What is important is that it is a block of data. Now when we deal with block of data, what is generally done is we have the memory organized. So we talk about some block of data, whatever be the number of bytes. So you can say that starting from this address, let us call this as start address, starting from this particular location for this length of block, continuously data is going to be stored. Because the data is going to come as a block and also the DMA controller as you can see is having a very special role, it is only going to place the address of memory location and then generate the read or write signal appropriately. This address, read or write, depends on input/output; then once that is done, the next address plus 1; then read or write that address plus 1, read or write - it is going very fast in that fashion. So really it will take only about one or two clock cycles.

(Refer Slide Time: 15:03)



For normal read or write cycle for CPU, it may take many clocks. The DMA controller will do it very fast mainly because it is a hardware solution meant for the fast transfer; it has no other job to do. As part of the DMA controller, we have been talking about the hardware associated with the I/O interface. As you can see because of this particular function, the hardware part of the DMA controller will have to include at least two registers – one which is going to indicate the start address but from where? In a memory the data is going to be stored as block size if it is input. Generally that particular thing is called a word county register. The number of words that have to be transferred is called a word counter register.

(Refer Slide Time: 17:15)



So you can see that in the interface, a start address register is there and the word count register is needed and these will be essentially stored before any DMA transfer can take place because it is not that the moment device indicates that it wants transfer these things can be prepared. These things must have been prepared earlier, meaning well before the DMA transfer can start, even before the device can indicate that it wants a DMA transfer through this request, well before that, these things must have been prepared. So if you recall I was earlier talking about two phases: one called chip configuration phase and another one the data transfer phase.

(Refer Slide Time: 18:37)



So when the actual data is transferred, DMA controller is going to take the place of CPU. Now well before the DMA process can start during the configuration phase, the CPU must have loaded these two bits of information into the DMA controller. The start address and word count must have been thought of a priori. The device will request DMA transfer; we had earlier talked about when the interrupt comes and when the interrupt is acknowledged. Similarly here we have to discuss that when the DMA request comes and when the DMA request is acknowledged. As soon as CPU relinquishes the bus, that is, releases the bus for the DMA activity, the DMA controller should know from which address and how much of data is coming. So these will be part of this. In addition to this you have the earlier things like status register and whatever we had talked about. Specifically for DMA you need this; status register will be there; there may be some other one, say a command register; and then we talked about data buffer in general.
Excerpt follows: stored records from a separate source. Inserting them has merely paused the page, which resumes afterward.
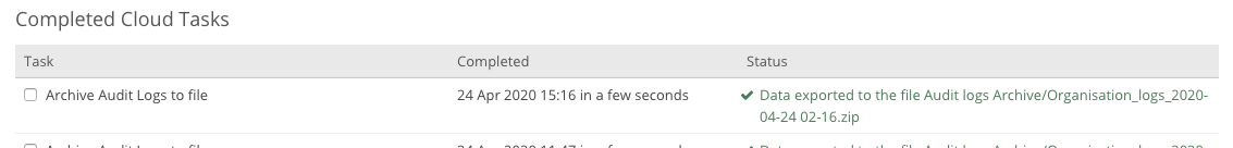 If you proceed a background task will be created which will create a zip file containing the audit log entries. If you care to inspect the background task, find its entry on the Tasks tab of the File Manager page: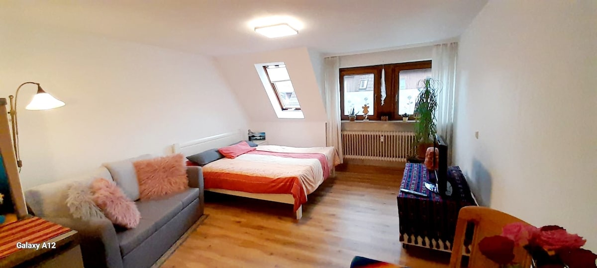 Allgaier's 1-Zimmer-Apartment Unweit zu der historischen Altstadt, nur ca. 5 Minuten Fußweg zur Fußgängerzone mit Fachwerkhäusern und vielen verschiedenen Einkaufsmöglichkeiten, können wir ein ca. 20m² großes, komplett neu renoviertes und möbiliertes Zimmer anbieten. Parkmöglichkeiten befinden sich am Haus und eine Bäckerei gibt es in unmittelbarer Nähe. Keine Haustiere erlaubt. Ein- und Aus-Checken nach Absprache. Bei Aufenthalten ab 10 Tagen fallen zusätzliche Reinigungskosten an.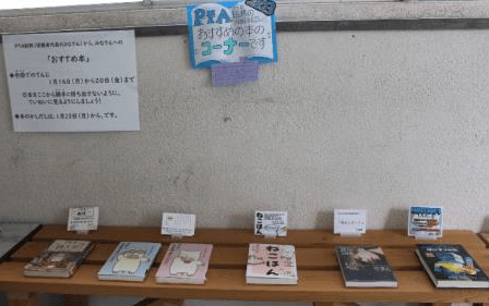 上記写真は、PTA総務のみなさんが「川小の子供たちに本をたくさん読んでほしい」と考え、それぞれの「おすすめ本」を選び、その本の「おすすめポイント」を手作りカードにして準備をしてくださいました。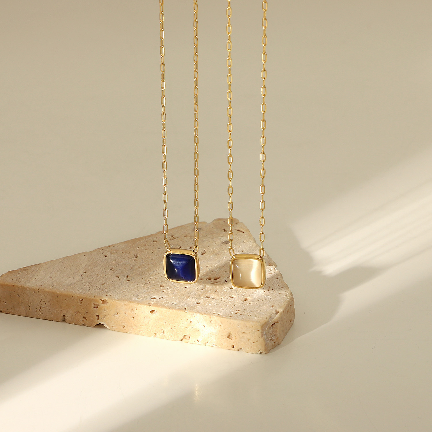 欧美INS网红同款钛钢项链14K镀金不锈钢猫眼石方形吊坠金项链女式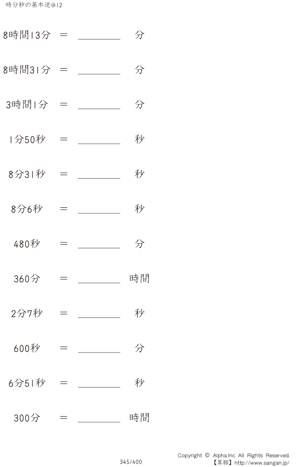 上記のボタンから「時分秒の基本逆@12」の算数数学ドリル・計算ドリル(PDFプリント)がダウンロードできます。個人利用は無料です(家庭以外での配布は有料です)。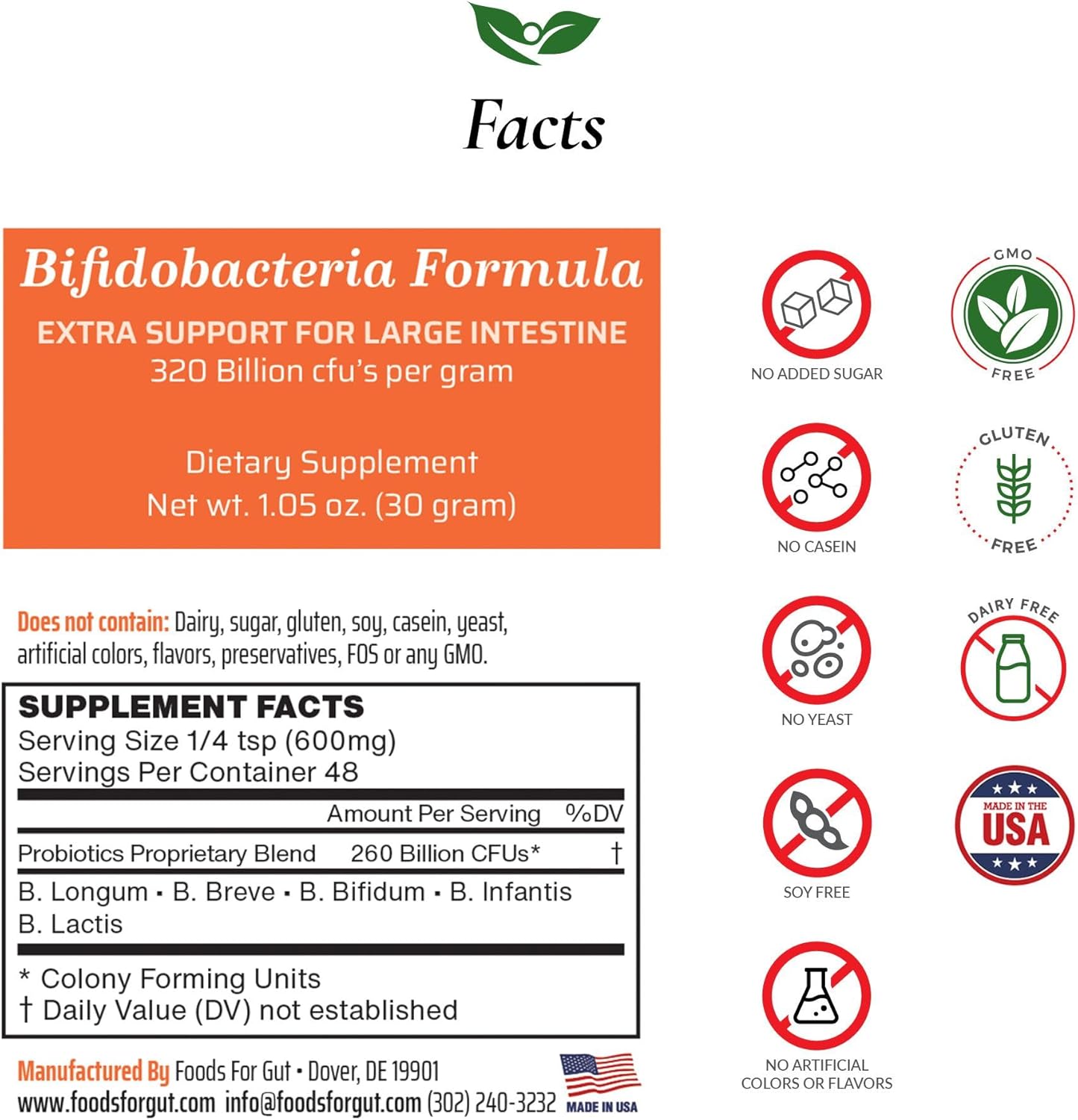 Bifido Formula 320 Billion Cfu'S | Made In Usa | Digestive & Immune Support | May Help Leaky Gut Repair | 30 Grams (1.05 Oz)

It is like this: before the CPU proceeds with the program, it has to configure all the I/Os appropriately; specifically in the case of the DMA thing it must have loaded these two bits of information – when we say bits I hope you understand it is these two pieces of information in the DMA controller – and then it proceeds with its own program. When the device which requests the DMA transfer is ready, it is going to indicate. Now how does it do it? Generally this signal that goes to DMA controller from the device is called a DMA request. DMA request is a signal which is an input to the CPU finally it will have to go to the CPU. The DMA request has to go to the CPU and in response to that, CPU will generate what is known as an acknowledge signal.

(Refer Slide Time: 22:03)



In respect of some processors, this thing is called hold. Why is it called hold? We will see, and this is called hold acknowledge. You put someone on hold, waiting, and here you find CPU is put on hold. CPU will be waiting until this DMA transfer is completed. That is why the name hold has come. The fast device also requires block transfer. Of course that also needs to be fast. Then it puts in a request and through the controller the request will go to the CPU. Finally it is an input in the CPU. Now as before, the DMA request as we saw in the other one interrupts; the DMA request is also an asynchronous input, it is not synchronized.

(Refer Slide Time: 26:13)



The device, when it is ready for transfer with the data, is going to indicate it is an asynchronous input; DMA is also an asynchronous input. What did we say in the case of interrupt? In the case of interrupt, we said when an interrupt request comes, the CPU will complete its current instruction cycle and that is going to cause some delay. We have an instruction cycle and that consists of quite a few machine cycles, and they consist of few states as we have indicated. Each one is the machine cycle and here each one is the state. Remember this is the very first thing we said. We said instruction cycle consists of let us say fetch and execute, and every time the CPU accesses the bus there is a machine cycle. Now the DMA request can come any time during the instruction cycle, which means it will come during any machine cycle. Let us suppose this particular thing has come, say, at this instant; that is, the DMA request has come at this instant during some state. What is to be done? If this were an interrupt request, we know that the end of the instruction cycle service will be taken up.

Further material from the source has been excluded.